* Problem requirements
From the listing that follows, reproduce only the lines from the one holding "З торця знизу" through the one holding "まずはみんなで音楽遊びからス", both included, with no pictures.
-- Extracted entries follows --
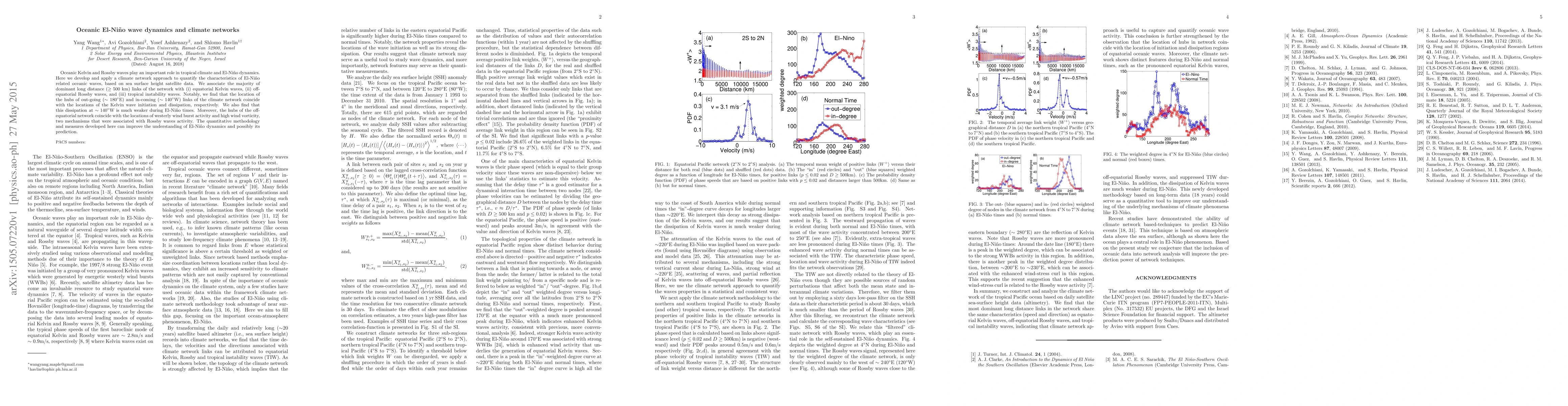 Oceanic Kelvin and Rossby waves play an important role in tropical climate and \en dynamics. Here we develop and apply a climate network approach to quantify the characteristics of \en related oceanic waves, based on sea surface height satellite data. We associate the majority of dominant long distance ($\geq 500$ km) links of the network with (i) equatorial Kelvin waves, (ii) off-equatorial Rossby waves, and (iii) tropical instability waves. Notably, we find that the location of the hubs of out-going ($\sim 180^{\circ}\rm{E}$) and in-coming ($\sim 140^{\circ}\rm{W}$) links of the climate network coincide with the locations of the Kelvin wave initiation and dissipation, respectively. We also find that this dissipation at $\sim 140^{\circ}\rm{W}$ is much weaker during \en times. Moreover, the hubs of the off-equatorial network coincide with the locations of westerly wind burst activity and high wind vorticity, two mechanisms that were associated with Rossby waves activity. The quantitative methodology and measures developed here can improve the understanding of \en dynamics and possibly its prediction.
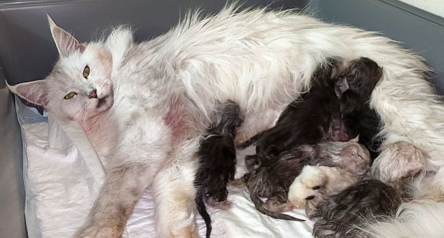 Langella - 7 ans ce mois-ci - a mis au monde trois énormes chatons. Deux garçons et une fille. Une ovation spéciale pour la reine |
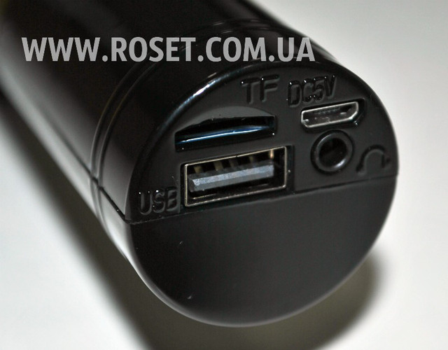 З торця знизу ручки мікрофона WSTER WS-1816 є інтерфейс USB, що дає можливість прослуховувати пісні та мінуси будь-яких форматів, роз'єм для флешки мікро SD, AUX-та мікро-USB для зарядки мікрофона.На мікрофоні так – же розташовані світлодіоди для підсвічування світломузики при непотрібності цю функцію можна відключити.
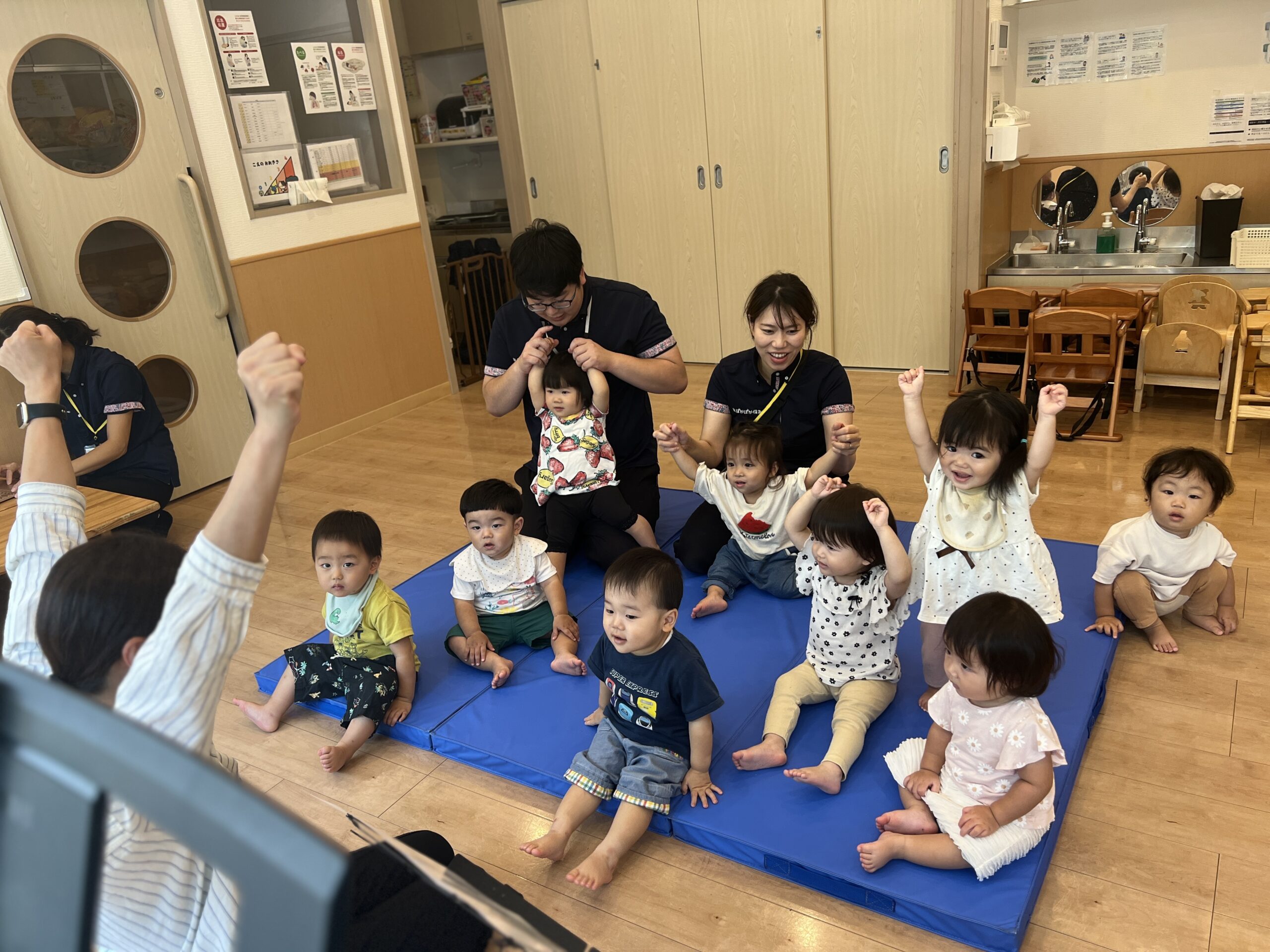 まずはみんなで音楽遊びからスタート!先生がお名前を一人ずつ呼ぶと、元気に「は~い!」と手を挙げてお返事。大きな声と一緒に、にこにこの笑顔が広がります。「〇〇さん、はーい!できたね。すごいよ!」と先生が声をかけると、「うれしい!」と得意げな顔を見せてくれる姿もありました。
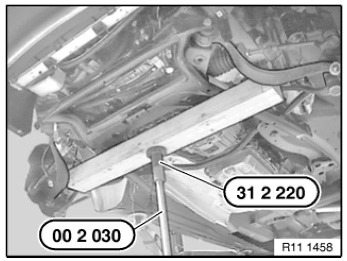 As shown in illustration, support front axle support with special tool 00 2 030 in conjunction with special tool 31 2 220 and a block of wood.
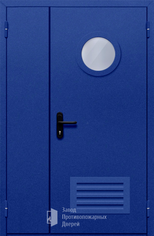 Маркировка Противопожарная Полуторная дверь с круглым стеклом ДПМ-02-EIW60 с решеткой
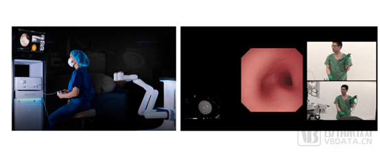 醫(yī)生操作柔性手術(shù)機(jī)器人(左)與操作內(nèi)窺鏡(右)
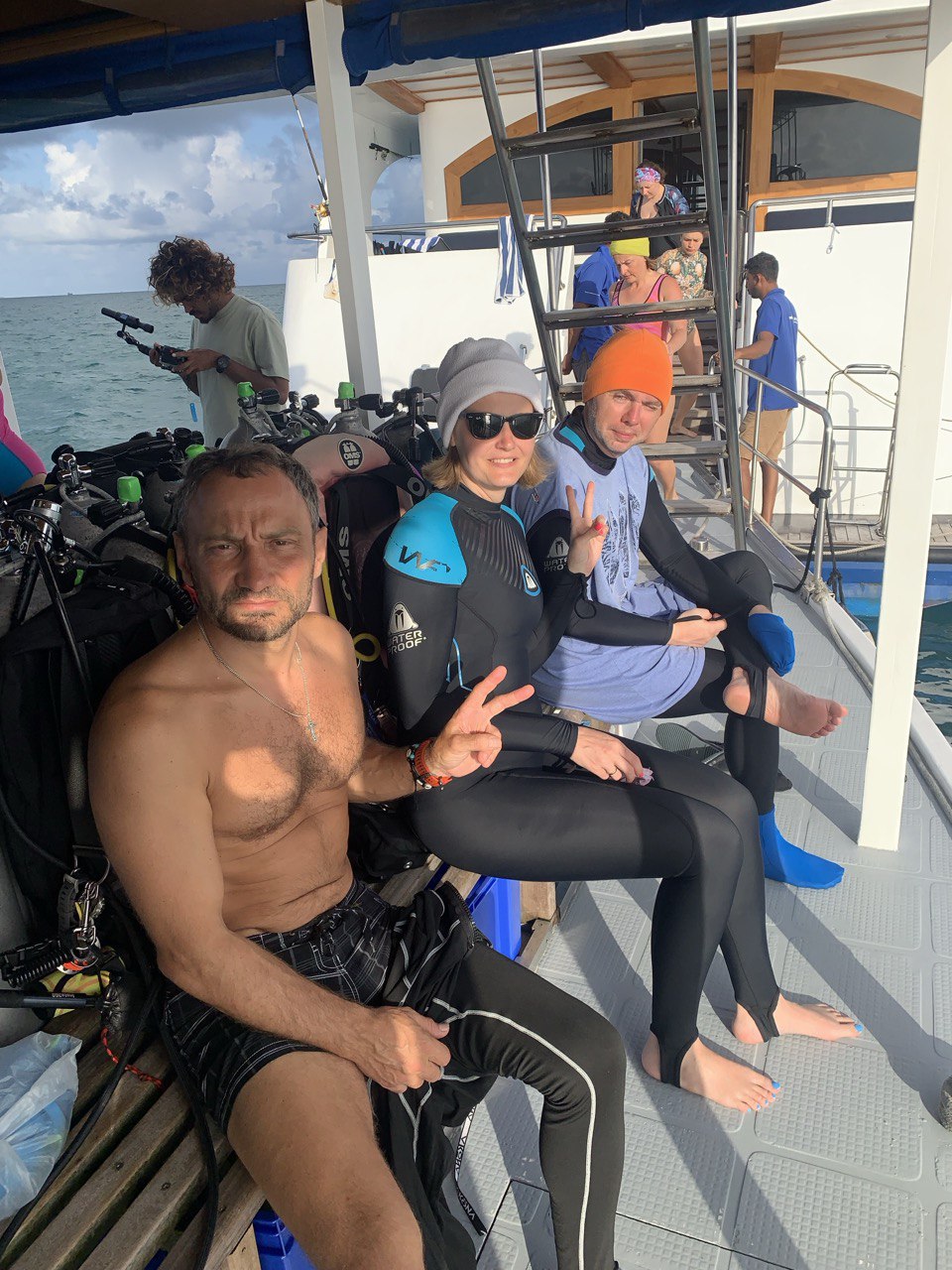 Мы провели дни на борту «Мальдивианны» и каждый день погружались в подводный мир, полный красок и удивительных встреч. В бухте Ханифару нас окружали скопления мант, а вечерами мы сидели на палубе и смотрели, как солнце уходит за горизонт и окрашивает небо в золотые и розовые тона. Вместе с турлидерами Ириной Квасовой и Максимом Котляром мы открывали самые красивые уголки Мальдив и чувствовали, что время здесь течет иначе.
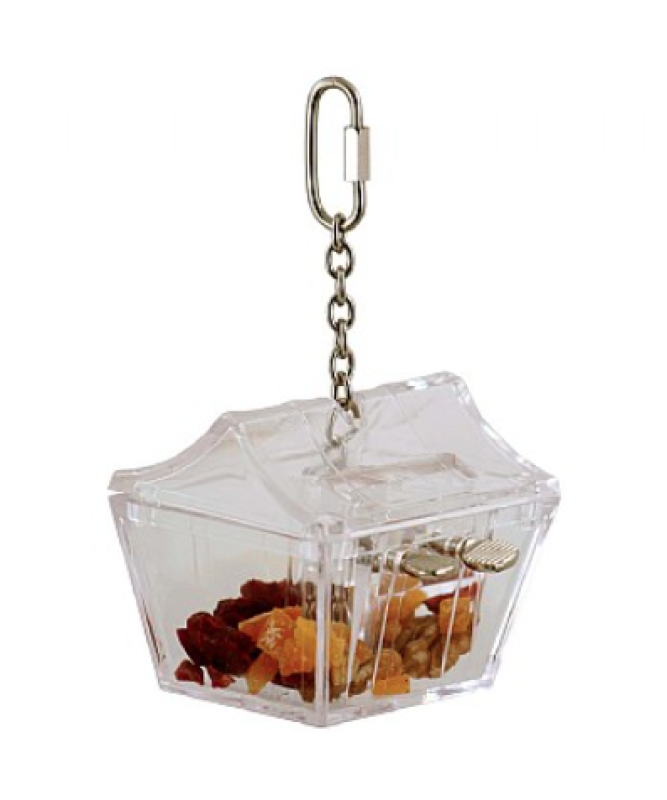 Teach your bird to turn and pull the keys to unlock the treasure chest shaped toy to make the bottom drop and reveal the hidden treasure!
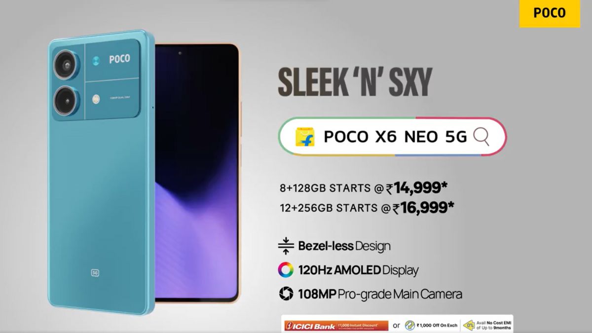 Poco X6 Neo 5G फोन की सेल आज दोपहर 12 बजे लाइव होने जा रही है। इस फोन की खरीदारी ऑनलाइन शॉपिंग वेबसाइट फ्लिपकार्ट से कर सकते हैं।
-- Extracted entries concluded --
* Your response
 З торця знизу ручки мікрофона WSTER WS-1816 є інтерфейс USB, що дає можливість прослуховувати пісні та мінуси будь-яких форматів, роз'єм для флешки мікро SD, AUX-та мікро-USB для зарядки мікрофона.На мікрофоні так – же розташовані світлодіоди для підсвічування світломузики при непотрібності цю функцію можна відключити.
 まずはみんなで音楽遊びからスタート!先生がお名前を一人ずつ呼ぶと、元気に「は~い!」と手を挙げてお返事。大きな声と一緒に、にこにこの笑顔が広がります。「〇〇さん、はーい!できたね。すごいよ!」と先生が声をかけると、「うれしい!」と得意げな顔を見せてくれる姿もありました。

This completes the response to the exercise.